Grep can be used to search for text in text files. grep
is a very powerful tool with many features, but in this lecture we are just going to cover some basics. Again, we shall use the example file names.txt
from above.
Perhaps we want to check if someone with the name “Bill” exists in our file. We would run the following
grep Bill names.txt
Bill Jimmer
We found a Bill! Now, what if we want to search of all names that have an “nn” in it. The command is very similar:
$ grep nn names.txt
Anne Berkley
Donna King
We found two!
Now, what if we want to search for all names that have an “a” in it.
However, we want to ignore case, so that we check the first (capitalized) letter, and all letters in the rest of the name.
To ignore case, we can add the -i
option to the command:
$ grep -i A names.txt
Anne Berkley
Donna King
Cam Smith
Three names!
Another capability grep has it to return only an exact word match, rather than matching anything on one of the lines of text.

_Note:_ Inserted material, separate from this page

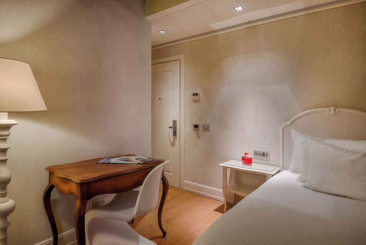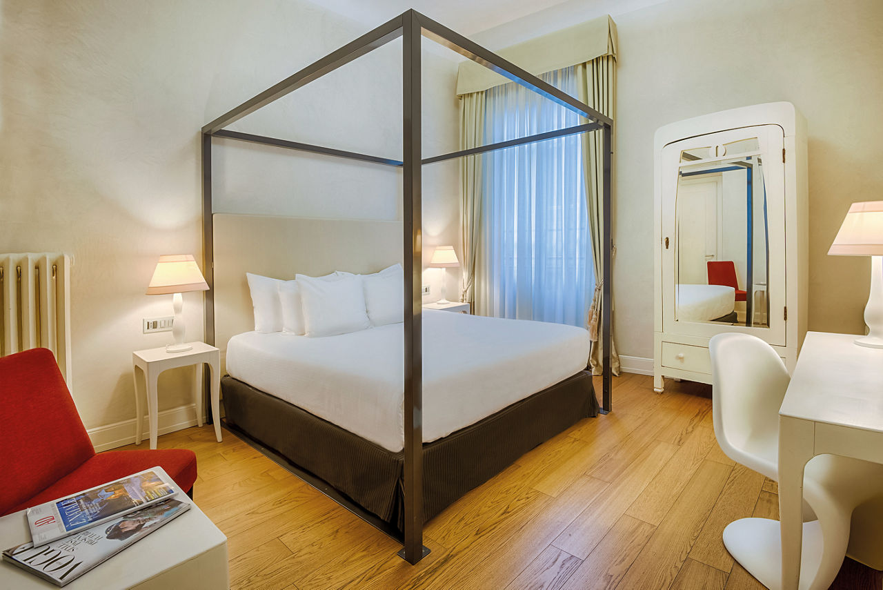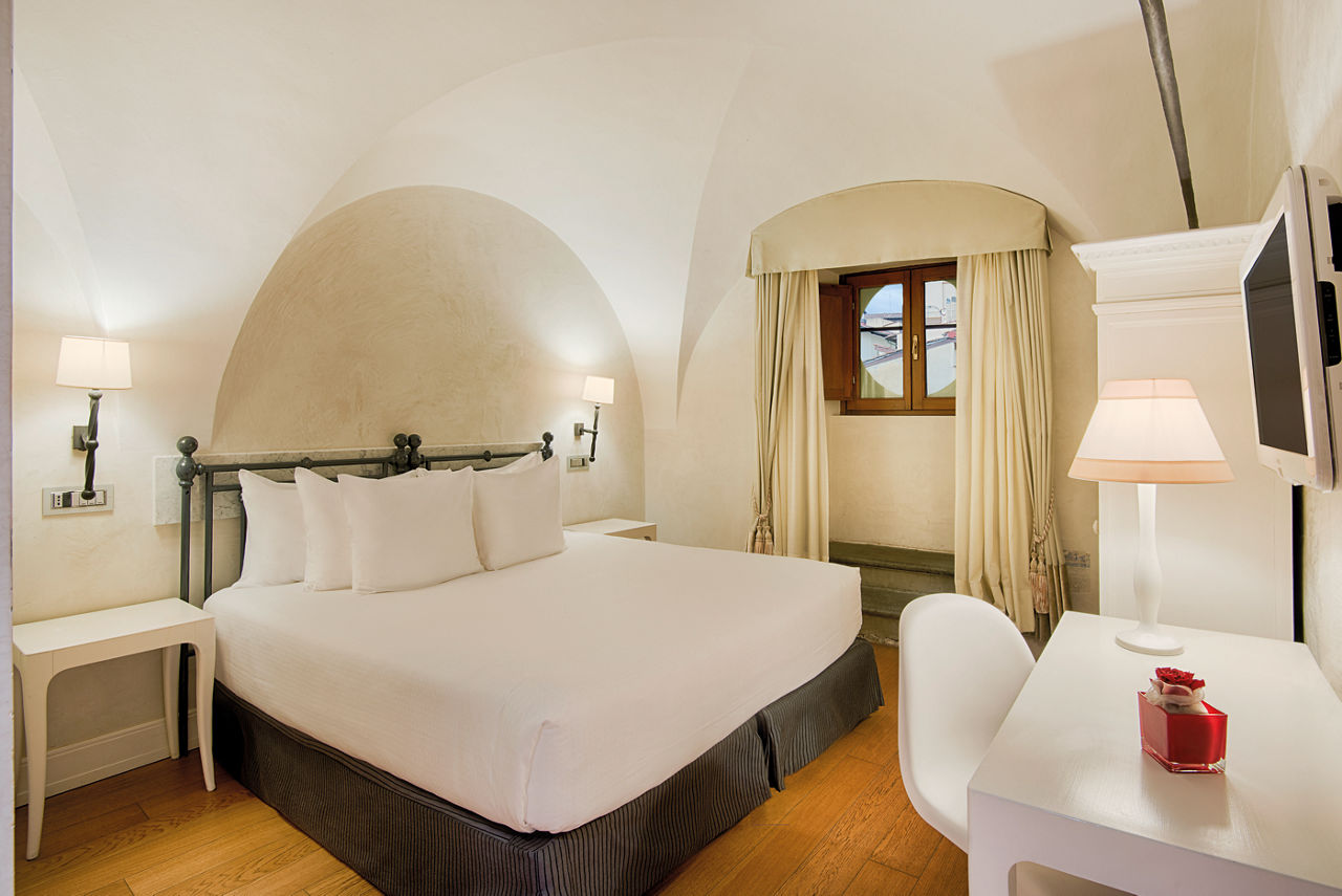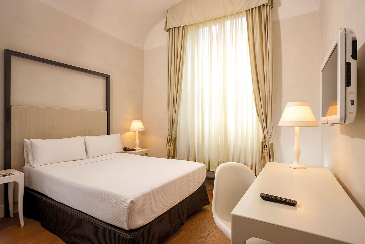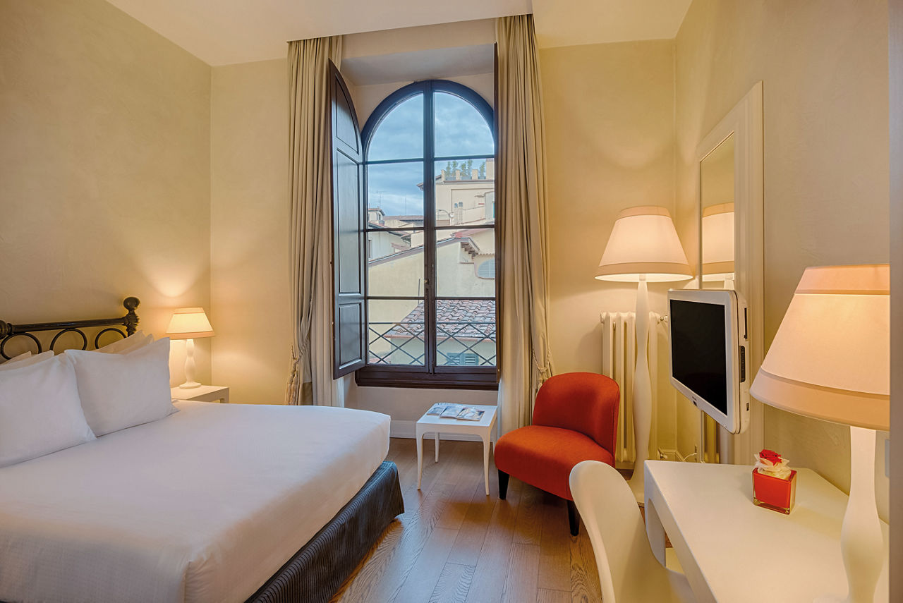 Built in the 12th century, this hotel is a historical landmark and thought to be one of the oldest hotels in Italy. With modern adaptations of classical beauty, the hotel perfectly fuses old-world charm with sophisticated, modern furnishings. The ornate stained glass ceiling in the lobby and the beautiful antique furniture throughout, allows you to experience traditional Florentine luxury while embracing modern comforts for a relaxing stay. With the hotel just a few minutes walk away from some of the main attractions and local transport links, the NH Collection Firenze Porta Rossa is an enviable hotel for your latest city break!Double and twin rooms sleep 2 adults and have bathroom containing a bath or shower, air conditioning, hairdryer, slippers, television, mini-bar and safety deposit box. Room upgrade options and Sole Use rooms are also available.

This can be acheived with the -w
option.
$ grep -w anne names.txt
$
This matches no word exactly, so nothing is returned.
As with most options, the -w
option can be used in conjunction with other options, such as -i
.
If we add -i
to the previous command, we will get a match, because we will be doing an exact word search and case will be ignored.
$ grep -w -i anne names.txt
Anne Berkley
$
And obviously, it works even with -i
as long as the correct capitalization is used:
$ grep -w Bill names.txt
Bill Jimmer
These two commands are tightly related, so I will introduce them together. head
and tail
are to be used for printing the beginning (head
) and end (tail
) lines of a text file. Obviously, this is very usefule when you have large file(s) and dont want to look at the whole file at once. For example, you might have a tet file with student grades that is sorted by grade. If you want to see the students with the best scores, you could use head
to find these.
Say we have a file named grades.txt
with the following text contents:
99 Jimmy Smith
97 Sally Talbot
90 Donna Sloan
89 John Cooper
87 Jared Ganzales
87 Mary West
83 Sherlock Holmes
77 Bob Thorton
76 David Abraham
62 Fred Francis
The first column is the grade, the second is the first name, and the last is the last name. To look at only the top three grades, we can run:
$ head -n 3 grades.txt
99 Jimmy Smith
97 Sally Talbot
90 Donna Sloan
The -n 3
allows the user to specify the number of lines to show at the beginning of the file. Similarly, to see the lowest grades, we can run:
$ tail -n 3 grades.txt
77 Bob Thorton
76 David Abraham
62 Fred Francis
The cut
command is used to cut out specific regions of each line of a file or input stream.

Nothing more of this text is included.